As much as some chafe against the "Jobsian" world of Apple products, Steve
makes many choices for you and most of those choices are right for most people
most of the time. That's about the best you can do.

I'm reminded of a classic Joel post "Controlling your environment makes you
happy" [1] (which, in my opinion, is one of the most important things ever
written on UI/UX), particularly the section on "Choices" [2]:

 _"But wait!" you say. "It's important to have options for advanced users who
want to tweak their environments!" In reality, it's not as important as you
think ... Every time you provide an option, you're asking the user to make a
decision._

Lots of comparisons are made between iOS and Android. It's important to
understand that they're fundamentally different. iOS is a _brand_. Android is
a _commodity_ , arguably even a _philosophy_. Give someone who has used an
iDevice any other iDevice and they know what to do. Give someone who has a
Samsung Galaxy S an HTC Evo and they'll likely be somewhat lost.

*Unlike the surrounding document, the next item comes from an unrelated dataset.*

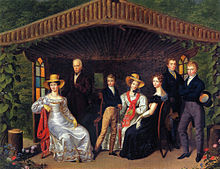 | Familienbild des Kaiserhauses um den Herzog von Reichstadt (1826, Leopold Fertbauer). Von links nach rechts: Karoline Auguste von Bayern , Kaiserin von Österreich; Franz I. , Kaiser von Österreich; Napoleon Franz Bonaparte , Herzog von Reichstadt; Sophie Friederike von Bayern , Erzherzogin von Österreich; Marie-Louise von Österreich , Herzogin von Parma, Piacenza und Guastalla; Ferdinand I. von Österreich und Franz Karl von Österreich . | Hans Ottomeyer et al., Biedermeier: The Invention of Simplicity (Ostfildern: Hatje Cantz, 2006). Uploaded by James Steakley | Leopold Fertbauer (1802-1875) | Datei:Die kaiserliche Familie um den Herzog von Reichstadt in einer Gartenlaube.jpg | |

I would go so far as to say as people buying an iPhone are buying an iPhone;
people buying an Android phone are buying a _phone_ (or, in some cases,
they're _not_ buying an iPhone).

Anyway, the fragmentation problem with Android isn't really about the UI. It's
about the hardware. I've heard from multiple sources that OpenGL is just a
nightmare on Android because of allt he different GPUs. Some have different
strengths and weaknesses to others and different idiosyncrasies.

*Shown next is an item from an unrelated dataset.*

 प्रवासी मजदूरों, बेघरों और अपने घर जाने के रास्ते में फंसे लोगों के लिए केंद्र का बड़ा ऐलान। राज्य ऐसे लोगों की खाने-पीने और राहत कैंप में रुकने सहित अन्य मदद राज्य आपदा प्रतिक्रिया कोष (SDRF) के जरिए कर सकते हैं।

My personal belief is that Android handset manufacturers are participating in
seppuku. Their interests are different to those of Google. Android handset
makers (and carriers!) want to differentiate themselves somehow. That's a big
part of your fragmentation problem right there. They don't want to be
interchangeable (and, in the carrier's case, just dumb pipes).

Google wants to commoditize the mobile platform. And they're succeeding. But
with ever-cheapning hardware costs, all the handset makers are doing is racing
each other to the bottom.

[1]:
[http://www.joelonsoftware.com/uibook/chapters/fog0000000057....](http://www.joelonsoftware.com/uibook/chapters/fog0000000057.html)

[2]:
[http://www.joelonsoftware.com/uibook/chapters/fog0000000059....](http://www.joelonsoftware.com/uibook/chapters/fog0000000059.html)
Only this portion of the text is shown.